# [Task item]
Repeat exactly the lines of the records below, starting at the line containing "廢鐵-報架、底坐等(1批)" and ending at the line containing "Et friskt tapet". Leave the pictures out.

# [Dataset extract]

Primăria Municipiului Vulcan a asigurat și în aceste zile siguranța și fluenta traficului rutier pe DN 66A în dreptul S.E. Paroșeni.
==
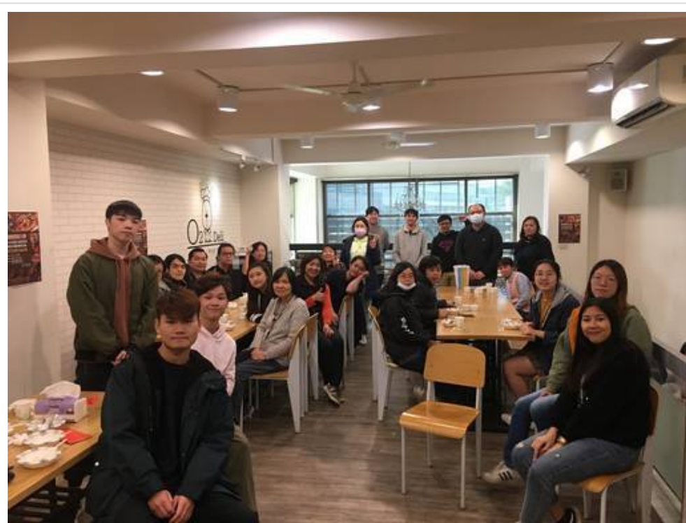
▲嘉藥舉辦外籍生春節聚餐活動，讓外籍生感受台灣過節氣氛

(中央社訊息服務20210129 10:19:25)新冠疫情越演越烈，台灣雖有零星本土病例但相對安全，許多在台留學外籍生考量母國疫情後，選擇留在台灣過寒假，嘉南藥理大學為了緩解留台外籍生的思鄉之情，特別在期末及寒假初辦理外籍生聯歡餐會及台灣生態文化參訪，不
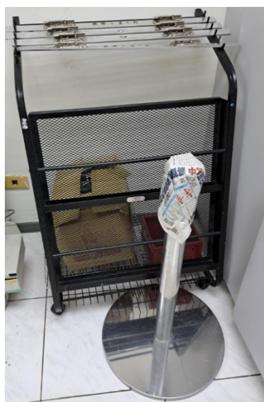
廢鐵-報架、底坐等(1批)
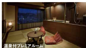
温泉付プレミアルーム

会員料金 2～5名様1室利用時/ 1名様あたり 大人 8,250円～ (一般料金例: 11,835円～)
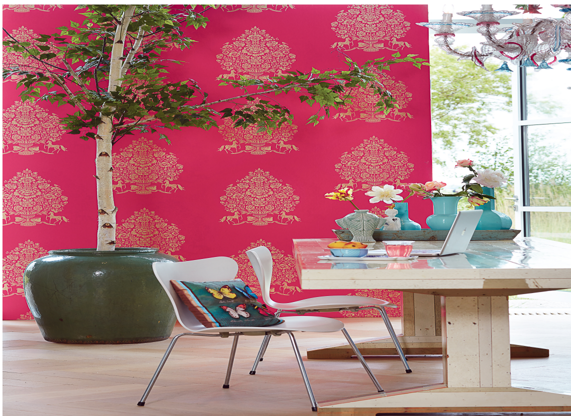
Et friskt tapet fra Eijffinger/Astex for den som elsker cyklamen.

# [Result]
廢鐵-報架、底坐等(1批)
温泉付プレミアルーム

会員料金 2～5名様1室利用時/ 1名様あたり 大人 8,250円～ (一般料金例: 11,835円～)
Et friskt tapet fra Eijffinger/Astex for den som elsker cyklamen.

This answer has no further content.